Diego worked across research institutes and cloud teams to stand up cost-effective CPU inference on Intel Xeon-based instances—tuned for the 8B-parameter class that most sovereign initiatives produce. The result wasn't a single model endpoint. It was a layer of Intel-backed clusters that has hosted EuroLLM, Spain's ALIA models, the Apertus 8B model, and a growing set of other open-source models from public institutions across the world.
Each addition followed the same pattern: open models on Hugging Face, production endpoints on the Inference Utilit. Diego's contribution was making that pattern repeatable—connecting the right hardware, the right regions, and the right serving configuration so each new sovereign model could land without starting from scratch.

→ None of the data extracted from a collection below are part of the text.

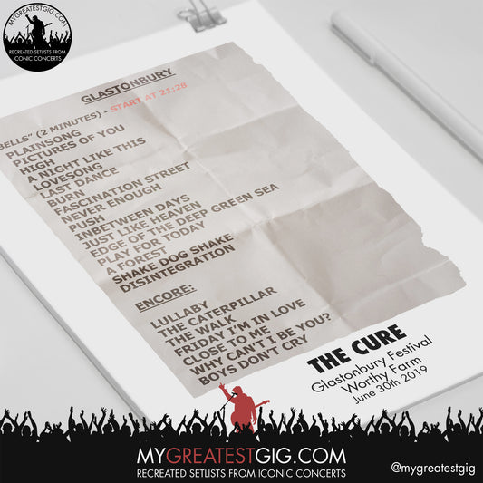The Cure - Glastonbury Festival - Jun 30th 2019 Recreated Set List Poster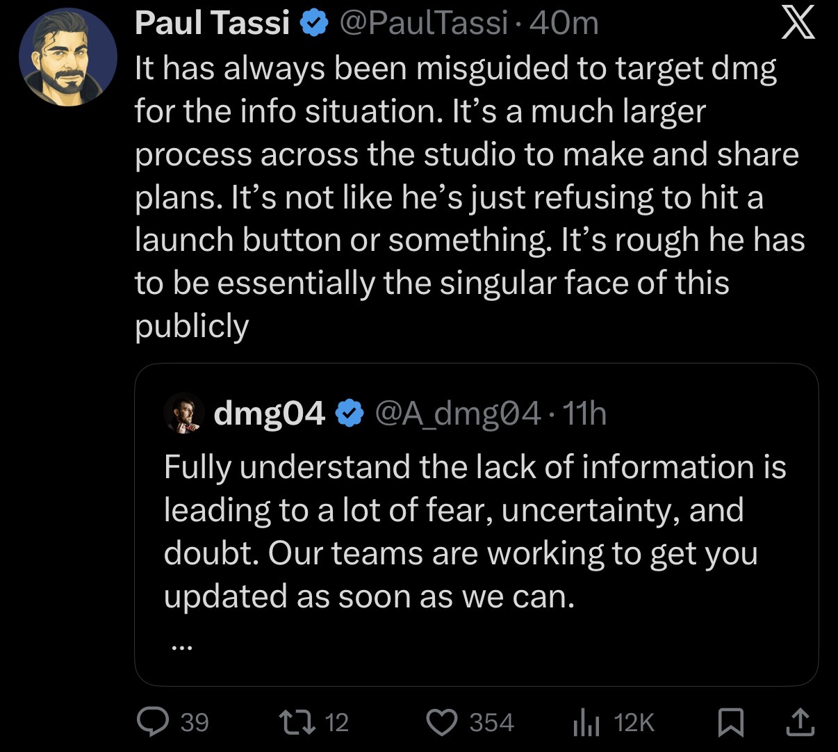 >>556726826>>556727293all CMs, GMs, devs and journalists are friends with each other or have a connection in some wayPaul is most likely on a behalf of dmg or someone else creating an image of dmg as a victim, so that community stops asking. Thats how they control narrative, reddit it self is full of shills doing exact same. The other day they desperately tried to make paint lawsuit settlement as victory for bungie, literally citing bungie lawyers and pretending it was judge words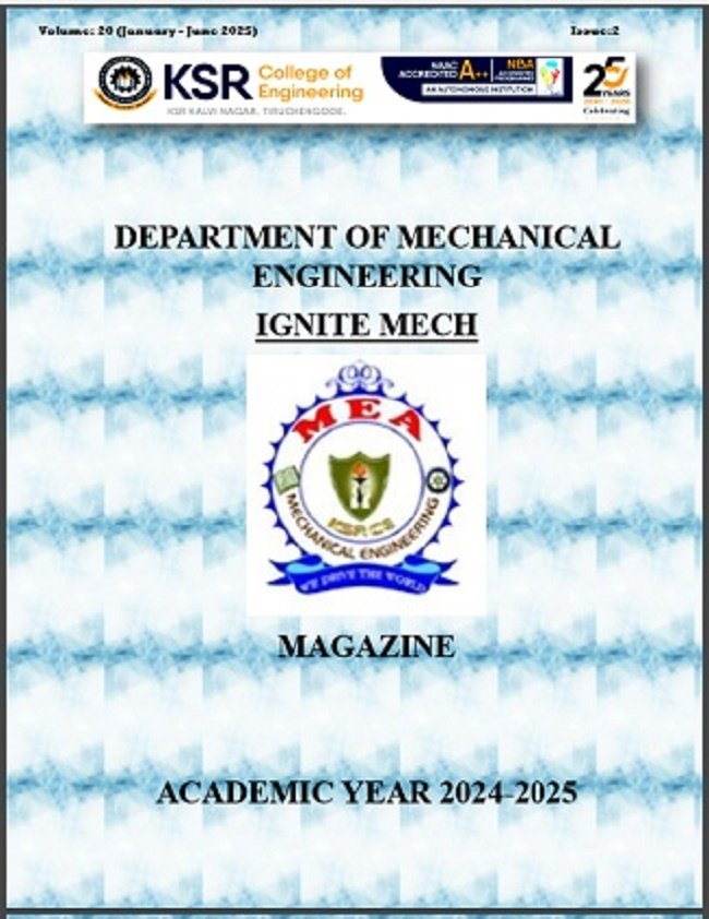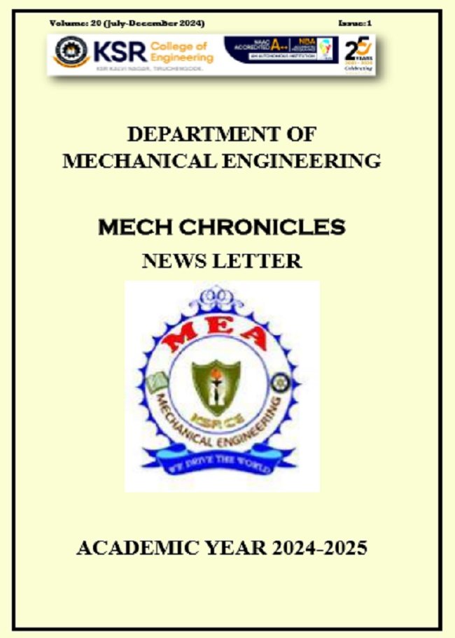 Welcome to the Department of Mechanical Engineering at K.S.R. College of Engineering, Tiruchengode. The Department has been a hub for quality education and innovation in the field of Technical Engineering and it has started functioning from the year 2005 duly approved and affiliated by the Anna University, Chennai with the intake of 120 students.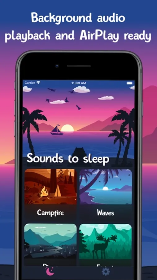 The app supports background playback so you can put away and lock your device while the sound keeps playing. You can play the sounds also on your audio system via Bluetooth or AirPlay.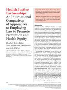 Title: | Health Justice Partnerships: An International Comparison of Approaches to Employing Law to Promote Prevention and Health Equity |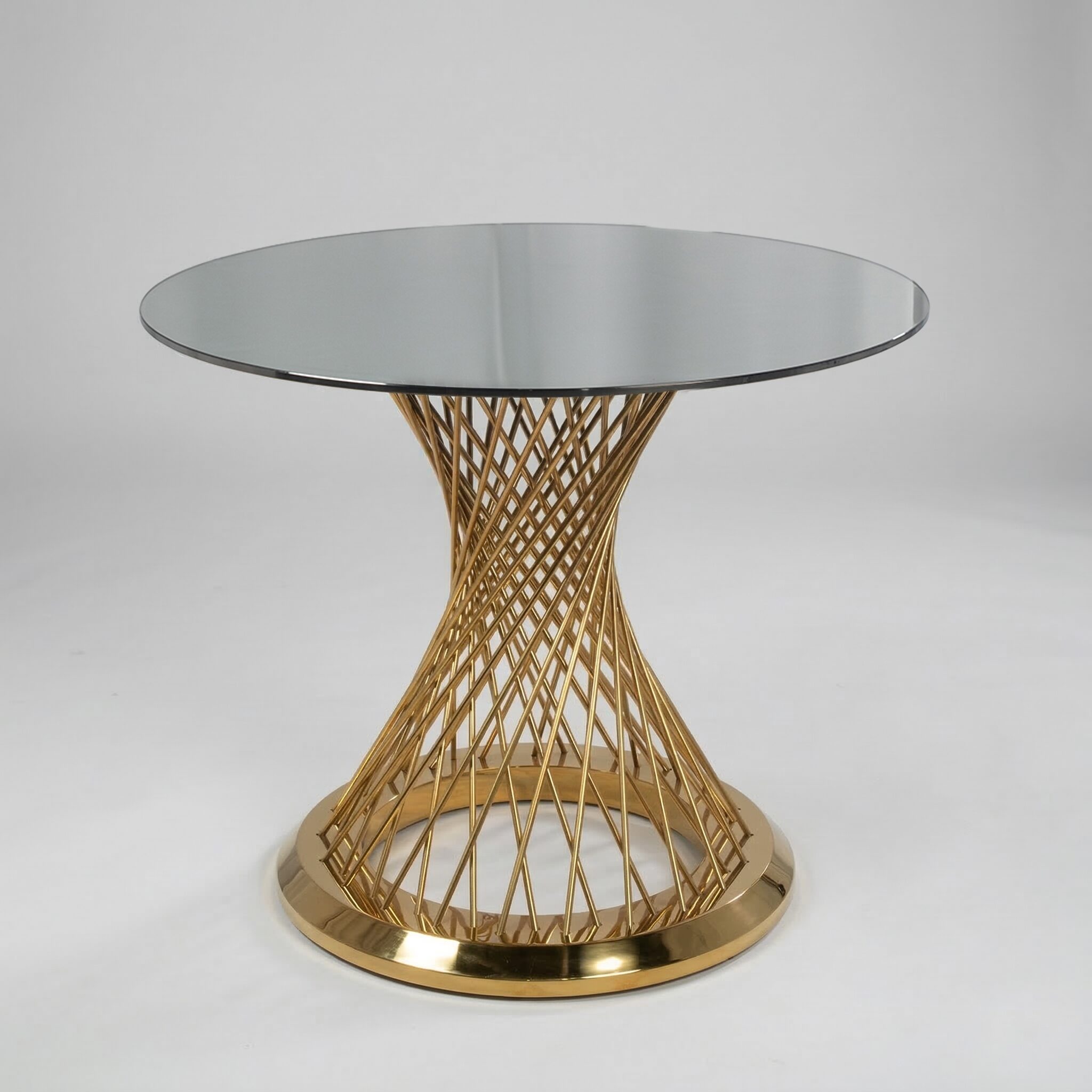Make a striking architectural statement at your next event with our Gold Hourglass cocktail table, available exclusively at Red Events Rentals. This designer table features a breathtaking spiral-wire base in a polished gold finish, creating a modern ‘hourglass’ silhouette that serves as a piece of art in itself.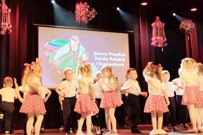 Uczestnicy wzajemnie się dopingowali, nagradzali brawami poszczególne występy, a przy tym dobrze się bawili. Po występach przedszkolaków swoje umiejętności taneczne zaprezentował zespół taneczny Baza Tańca pod kierunkiem pani Karoliny Witkowskiej. Nagrodą za udział w Gminnym Przeglądzie Tańców Polskich i Regionalnych były upominki i dyplomy dla wszystich uczestników.

Nicolas, Malte, and Diego wrote up the full architecture in a post on the AWS Partner Network blog. Take a look there for more of the technical details.
Sidebar: The 3×8-GPU Zurich Pods & Burn-Rate Model
Pod Layout
Each pod ran:
- 8×A100 GPUs
- A full 70B Apertus shard (with the 8B model on a paired replica)
- Local batching
- KV cache reuse
- Guardrails applied via LiteLLM
- A LiteLLM router with custom rate-limiting logic
Throughput Benchmark
We targeted concurrency by comparing against the Llama-3 launch:
- Meta reached ~5,000 concurrent users at peak
- Our realistic target was ~2,500 concurrent users
- This determined both the pod count and the credit request
Burn-Rate Components
- Idle-to-peak behavior: public traffic is lumpy; autoscaling suppression reduced wastage
- Batching: maintained ~70–80% GPU utilization without queue buildup
- Request composition: moderate lengths kept steady throughput
- Safety overhead: Bedrock guardrails added ~5–8% latency
Outcome
The credits lasted far longer than the initial projections. Batch efficiency, hybrid Intel routing, and careful traffic shaping all contributed. More importantly, the model gave us a real empirical grounding for the cost curve of public inference—something policy documents talk about abstractly, but engineers deal with directly.